▶ Your goal: When you copy the listing, skip the images and return each line verbatim.

====

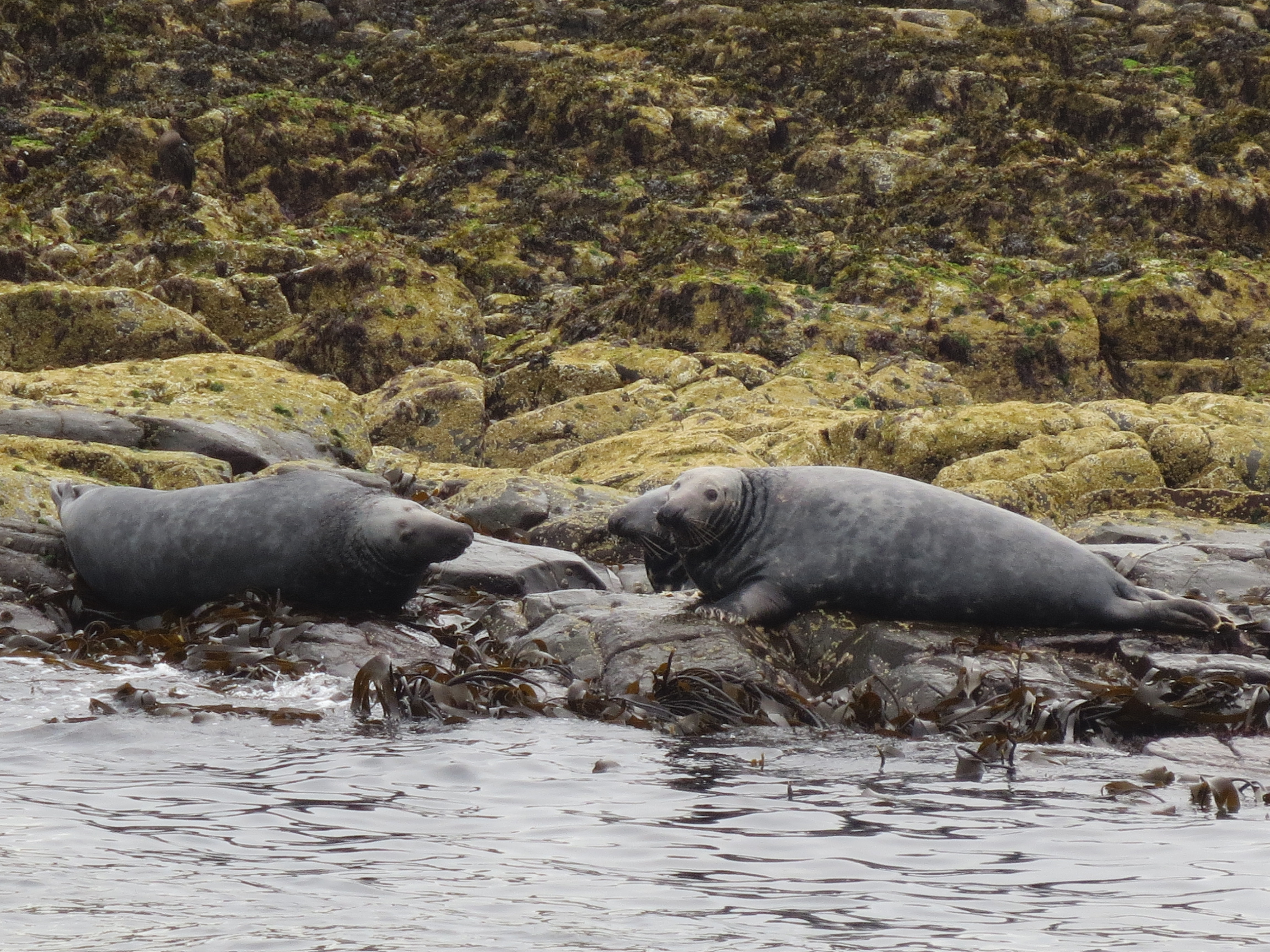 Grey Seals om Farne Islands
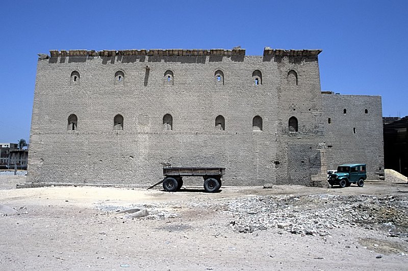 Enclosure wall of the Red Monastery in the governorate of Sohag, Egypt
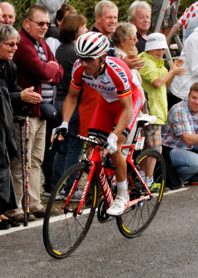 Personality rights warningAlthough this work is freely licensed or in the public domain, the person(s) shown may have rights that legally restrict certain re-uses unless those depicted consent to such uses. In these cases, a model release or other evidence of consent could protect you from infringement claims.
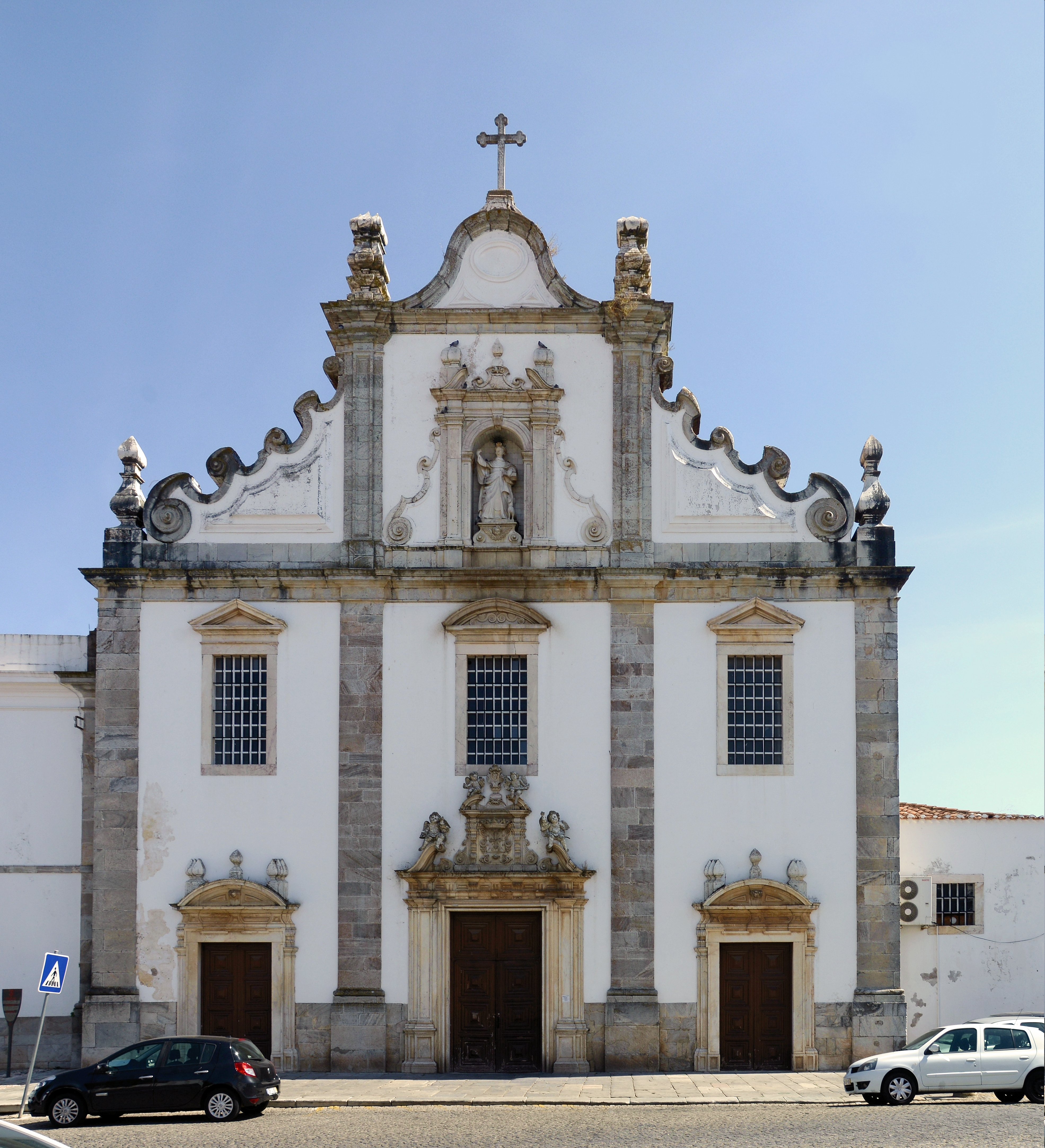 The Church of São Domingos, Elvas, Portugal
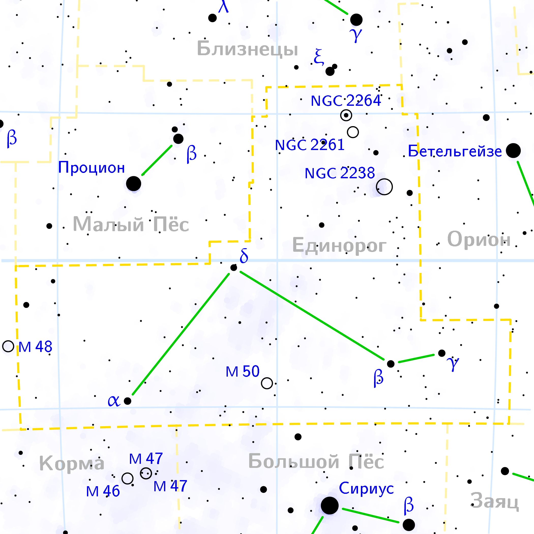 Monoceros constellation map on Russian
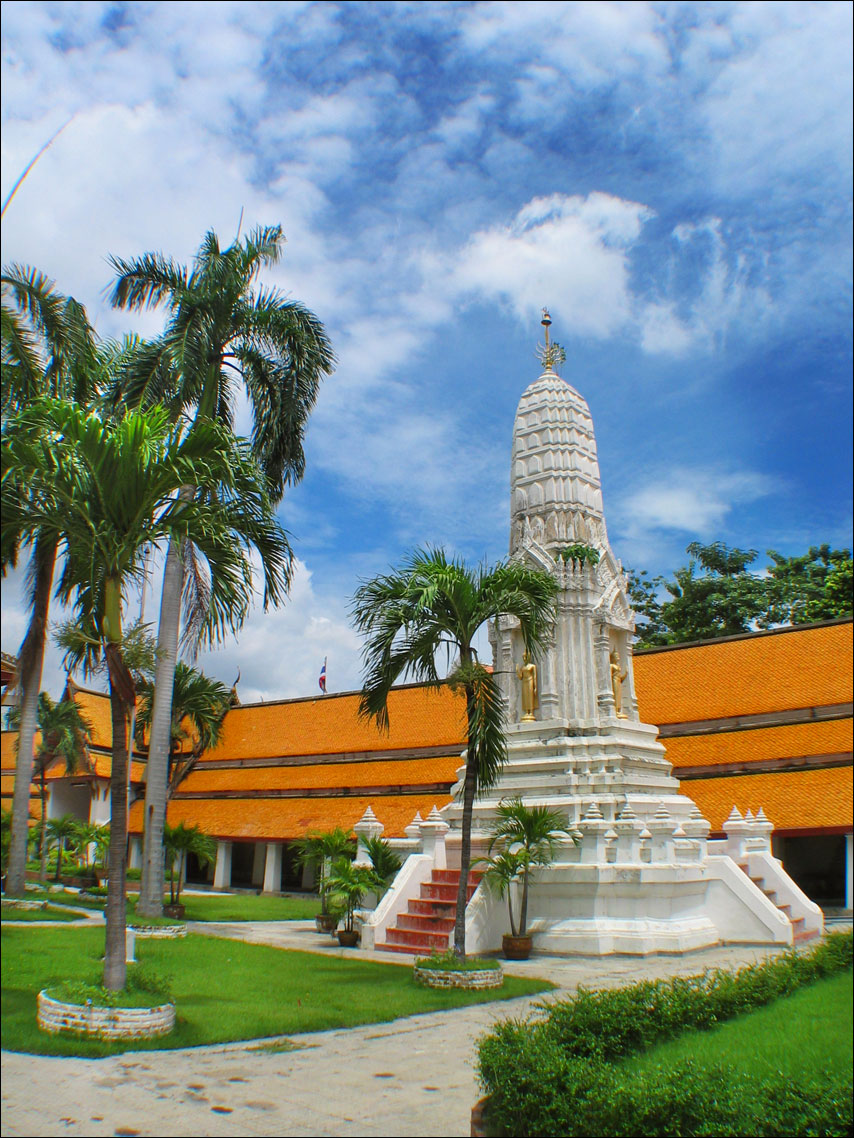 Gallery and Prang, Wat Mahathat, Bangkok, Thailand
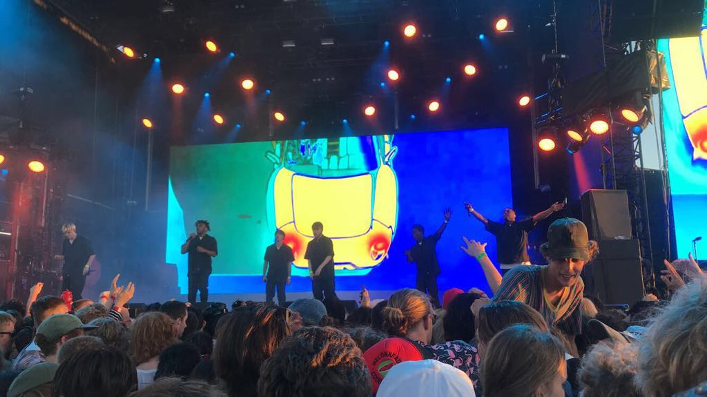 Brockhampton performing at Listen Out 2017

====

▶ Completed exercise:
 Grey Seals om Farne Islands
 Enclosure wall of the Red Monastery in the governorate of Sohag, Egypt
 Personality rights warningAlthough this work is freely licensed or in the public domain, the person(s) shown may have rights that legally restrict certain re-uses unless those depicted consent to such uses. In these cases, a model release or other evidence of consent could protect you from infringement claims.
 The Church of São Domingos, Elvas, Portugal
 Monoceros constellation map on Russian
 Gallery and Prang, Wat Mahathat, Bangkok, Thailand
 Brockhampton performing at Listen Out 2017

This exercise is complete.